Image enhancement algorithms are in contrast to the task of segmentation, which usually generate masks for selected image regions supporting a quantitative image workflow. Inter- and intra-operator variability makes it difficult to come up with generally agreed on results. Workflows to adjust generated masks are also difficult to establish but promise adjustable workflows that can use reader feedback to improve and adjust segmentation in order to keep up with changes in image equipment, reconstruction software and edge cases that might be underrepresented in the initial training data. By focusing on image enhancements an arguable easier task our framework provides access to machine learning algorithms that support existing decision workflows.
The approach of generating what-if training data for supervised learning is very efficient in terms of its automated generation of high quality, well controlled training data from a few volumetric CT images using pose adjustments. Our approach generalizes to other organs in the body. Also a variety of regional enhancement strategies can be used making it easy to adjust the approach to individual workflow steps. As an example workflow steps focused on a specific organ in the field of view can use any of the published or commercially available segmentation algorithms to create masks suitable for the adjustment of contrast properties by organ.
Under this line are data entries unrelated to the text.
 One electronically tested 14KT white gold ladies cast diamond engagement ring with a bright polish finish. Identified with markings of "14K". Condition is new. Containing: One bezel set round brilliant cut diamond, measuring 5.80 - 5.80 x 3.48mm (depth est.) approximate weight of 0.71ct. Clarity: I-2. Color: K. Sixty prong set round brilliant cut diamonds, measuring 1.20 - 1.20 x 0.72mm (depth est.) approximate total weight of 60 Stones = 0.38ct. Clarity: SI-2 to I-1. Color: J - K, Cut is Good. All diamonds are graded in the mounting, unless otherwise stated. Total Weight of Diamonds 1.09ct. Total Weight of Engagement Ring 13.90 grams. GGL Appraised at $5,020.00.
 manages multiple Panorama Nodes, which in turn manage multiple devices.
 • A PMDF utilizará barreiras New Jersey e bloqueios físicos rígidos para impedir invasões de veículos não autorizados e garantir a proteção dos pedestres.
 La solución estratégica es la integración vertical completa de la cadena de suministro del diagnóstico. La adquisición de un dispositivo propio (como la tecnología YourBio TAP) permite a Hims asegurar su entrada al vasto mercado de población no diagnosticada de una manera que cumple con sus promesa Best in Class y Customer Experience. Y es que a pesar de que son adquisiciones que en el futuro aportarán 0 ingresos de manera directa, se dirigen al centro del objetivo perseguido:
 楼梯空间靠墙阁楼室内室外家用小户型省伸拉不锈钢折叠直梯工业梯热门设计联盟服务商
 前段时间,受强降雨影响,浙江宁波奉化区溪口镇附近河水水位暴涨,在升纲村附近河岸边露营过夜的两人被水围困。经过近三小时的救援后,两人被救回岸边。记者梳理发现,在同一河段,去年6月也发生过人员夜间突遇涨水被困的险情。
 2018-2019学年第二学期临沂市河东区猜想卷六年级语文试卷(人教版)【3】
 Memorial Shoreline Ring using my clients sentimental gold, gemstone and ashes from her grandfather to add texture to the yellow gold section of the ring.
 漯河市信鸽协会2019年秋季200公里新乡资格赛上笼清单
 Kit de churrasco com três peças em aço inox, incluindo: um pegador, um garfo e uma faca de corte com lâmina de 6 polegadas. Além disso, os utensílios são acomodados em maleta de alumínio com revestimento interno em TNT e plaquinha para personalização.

The combination of segmentation algorithms, physics based rendering and deep learning allow for what-if images previously impossible, like patients without bones. Replacing components of this workflow with alternatives we can hope that our pipeline allows to design new applications that deliver images suitable for a larger number of clinical workflows. The integration of our images into medical viewing stations allows for the effective and transparent evaluation of the component segmentation and machine learning algorithms.